One thing I think I learned was the exact threshold of power that allowed me to keep burning fat. Its hard to describe the feeling but after doing this for months (over a year by now) I think I know exactly when I can still push and continue on fat, and when I need to slow down to prevent lbm loss. Doing sprints, short intervals etc. would likely cause me to break proteins in the body and indeed be counterproductive - but here more research is probably needed, and individuals will likely have different thresholds.


If you can't get a DEXA scan there is an equation published in December of 2021 which approximates it well:

The new equation [%BFNew = 6.083 + (0.143 × SSnew) - (12.058 × sex) - (0.150 × age) - (0.233 × body mass index) + (0.256 × waist) + (0.162 × sex × age)] explained a significant proportion of variance in %BF5C (R2 = 0.775, SEE = 4.0%). Predictors included sum of skinfolds (SSnew, midaxillary, triceps, and thigh) and waist circumference. The new equation cross-validated well against %BF5C when compared with other existing equations, producing a large intraclass correlation coefficient (0.90), small mean bias and limits of agreement (0.4% ± 8.6%), and small measures of error (SEE = 2.5%).

Generalized Equations for Predicting Percent Body Fat from Anthropometric Measures Using a Criterion Five-Compartment Model Zackary S Cicone, Brett S Nickerson 1, Youn-Jeng Choi 2, Clifton J Holmes 3, Bjoern Hornikel 4, Michael V Fedewa 4, Michael R Esco 4 Affiliations expand PMID: 34310492 PMCID: PMC8785250 (available on 2022-12-01) DOI: 10.1249/MSS.0000000000002754

https://pubmed.ncbi.nlm.nih.gov/34310492/


Why would the body shed water instead of tapping into stored fat when there's no external energy coming it?

This is delusional.


>Maybe body builders lose lean body mass when they fast Well, highly fit people certainly lose lean body mass when they fast, which you're probably not (even if you're fairly fit)

And bodybuilders DON'T lose fat when they fast because they take supraphysiological doses of hormones (steroids) that prevent the body losing muscle - and usually eat protein throughout their fast too. So not a good example.

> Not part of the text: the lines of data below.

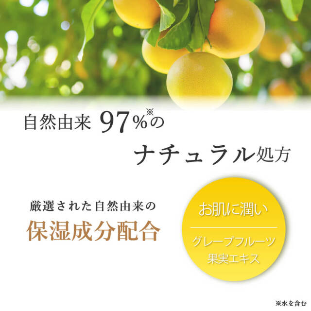 水、ヒマシ油、グリセリン、シア脂、セタノール、(アクリル酸ヒドロキシエチル/アクリロイルジメチルタウリンNa)コポリマー、グレープフルーツ果実エキス、オレンジフラワー水、オリーブ果実油、香料*、プロパンジオール、ステアリン酸、ステアリン酸グリセリル(SE)、リンゴ酸ジイソステアリル、アラビアゴム、キサンタンガム、フェノキシエタノール、ブチルカルバミン酸ヨウ化プロピニル、BG
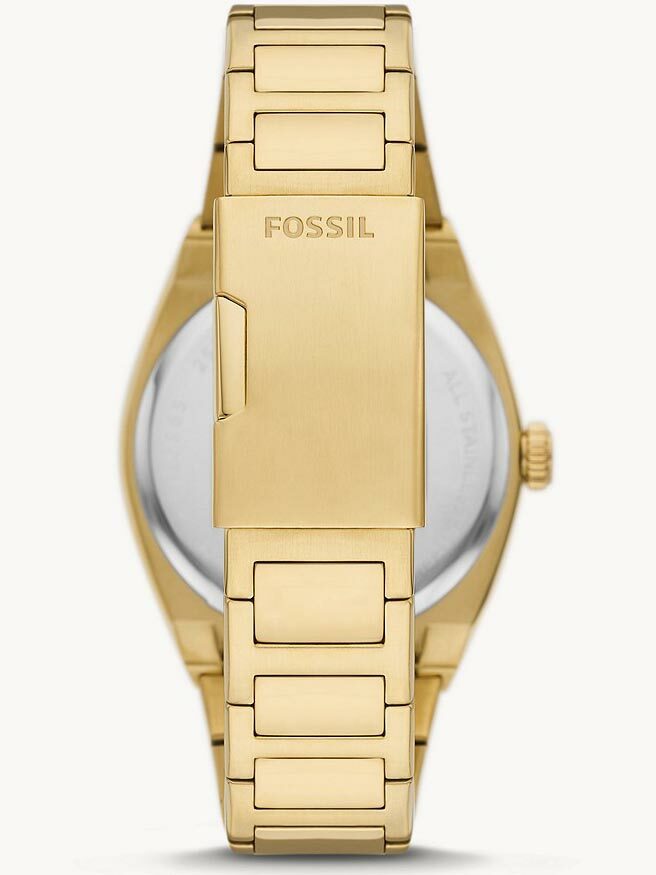 Мужские кварцевые аналоговые наручные часы. Коллекция Everett. Центральные часовая, минутная и секундная стрелки. Стрелки и метки с люминесцентным покрытием, которое светится в темноте после непродолжительной зарядки на свету. Золотистый циферблат с часовыми метками в виде штрихов. Окошко даты в позиции 6 часов. Круглый стальной корпус с покрытием цвета жёлтого золота. Диаметр корпуса 42 мм. Устойчивое к мелким механическим повреждениям минеральное стекло. Стальной браслет с покрытием цвкта жёлтого золота, раскладывающаяся застежка. Ширина браслета 18 мм. Водозащита 50WR (мытьё рук).
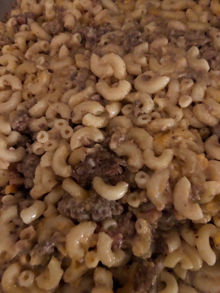 Two pounds of Hamburger seasoned and browned. I season with Tonyβs Cajun Seasoning and McCormickβs Steakhouse seasoning with extra garlic and onion powder. I used 75/25 for less grease. Drain if very greasy. I used the hamburger fat instead of adding butter to make my cheese sauce.
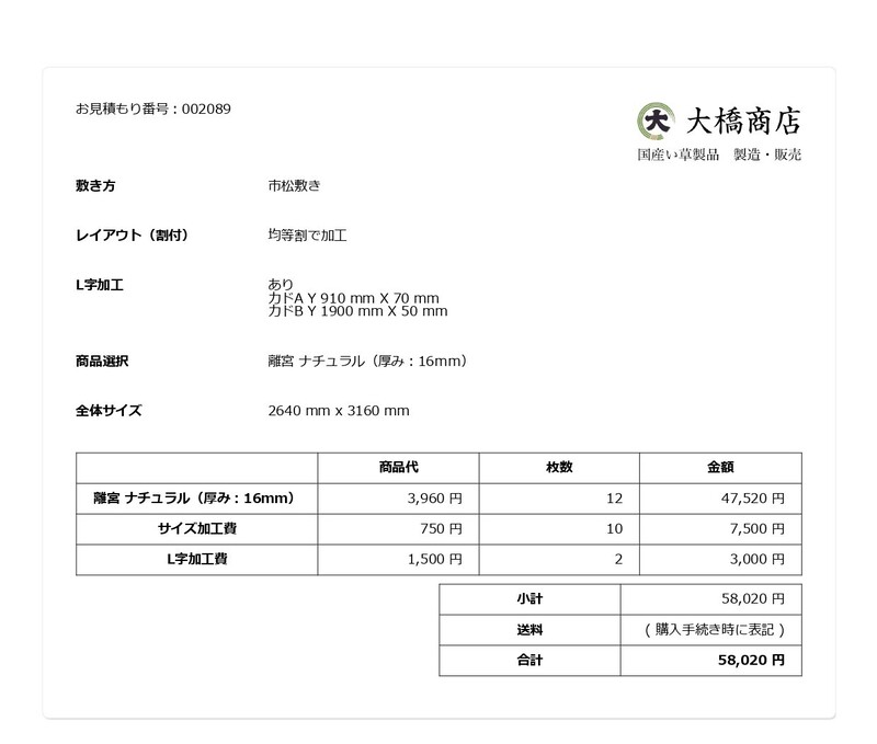 部屋の形状に合わせて置き畳を敷きたく加工の依頼をしました。

> eat protein throughout their fast too

Aren't these contradictory? If you eat (protein or otherwise) you're not fasting.


I think they misspoke and what they meant to say was that bodybuilders use a zero/low carb diet, in which case their statement holds true.


Their whole argument was around body builders not losing fat when fasting, so if you're right, this is just irrelevant. No one expects people to lose fat when they're not caloric restricted.